FATHER AND SON.
(A Possible Dialogue after a Recent Decision at Marylebone.)
Father. And now, my dear Son, I must ask you for your rent.
Son. But surely, Father, I am entitled to a room in your house?
Father. Out of my love and affection; but this is a matter of business; and, if you desire to be a Voter, you must behave as such.
Son. But I have had some difficulty in scraping up enough to pay you.
Father. Surely, eighteen shillings a-week is a reasonable sum for an apartment, however small, in Mayfair?
Son.
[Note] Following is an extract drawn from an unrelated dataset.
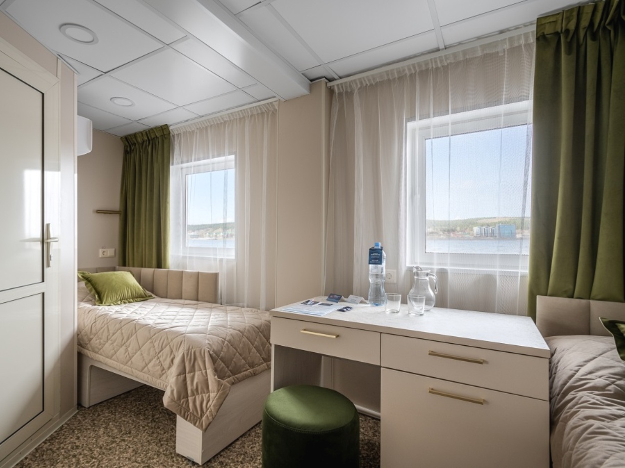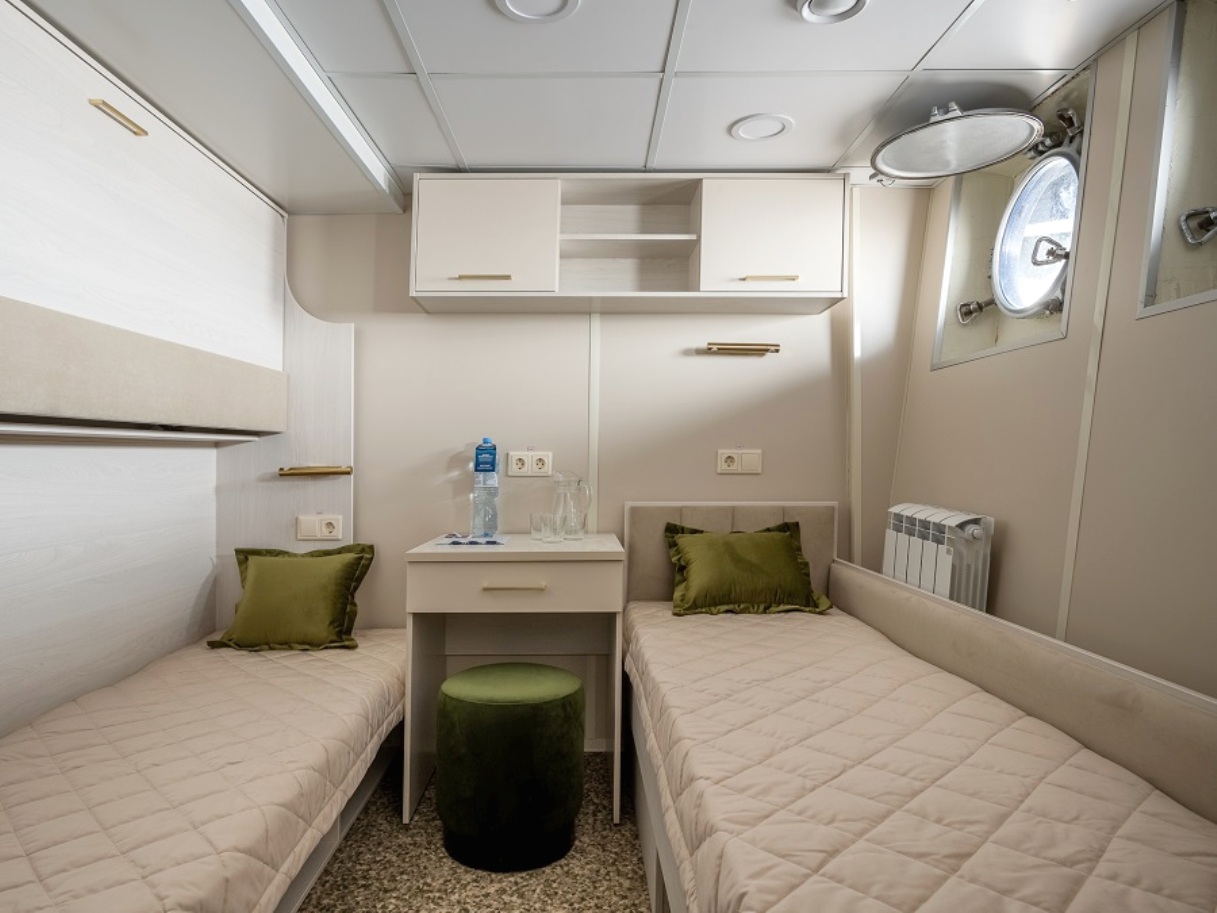 Die Kabinen verfügen über zwei Einzelbetten, Nachttisch, Kleiderschrank, Stuhl, Tisch, Flachbildschirm-Fernseher mit Satellitenempfang, Mini-Kühlschrank, Spiegel, Haartrockner, Bord-Radio und Telefon, Kuscheldecke für jeden Gast, europaeische 220V-Steckdosen, Kleiderbürste, Panorama-Fenster zum Öffnen. Die Kabinen verfügen über zentrale Klimaanlage und zentrale Heizung.

I do not deny it; still it seems hard that I should be mulcted to that extent some fifty times a-year.
Father. I cannot see the hardship, nor the money!
Son. If you really want it, it is here.
[Produces a pocket-book, from which he takes sufficient change to satisfy the claim.
Father (pocketing coin). Thank you; and now we may say, adieu!
Son. But how about dinner—am I not to dine with you?
Father. Dine with me! What an idea! Why should you?
Son. Because I am your Son.
Father. You mean someone infinitely more important—my Lodger.
Son. And you absolutely refuse me food?
Father. Not I, my boy; not I! It is the law! If I was to give you what you ask, you and I would be had up for bribery.
Son. Then you prefer patriotism to paternal affection?
Father. Well, to be candid with you, I do! It is distinctly cheaper!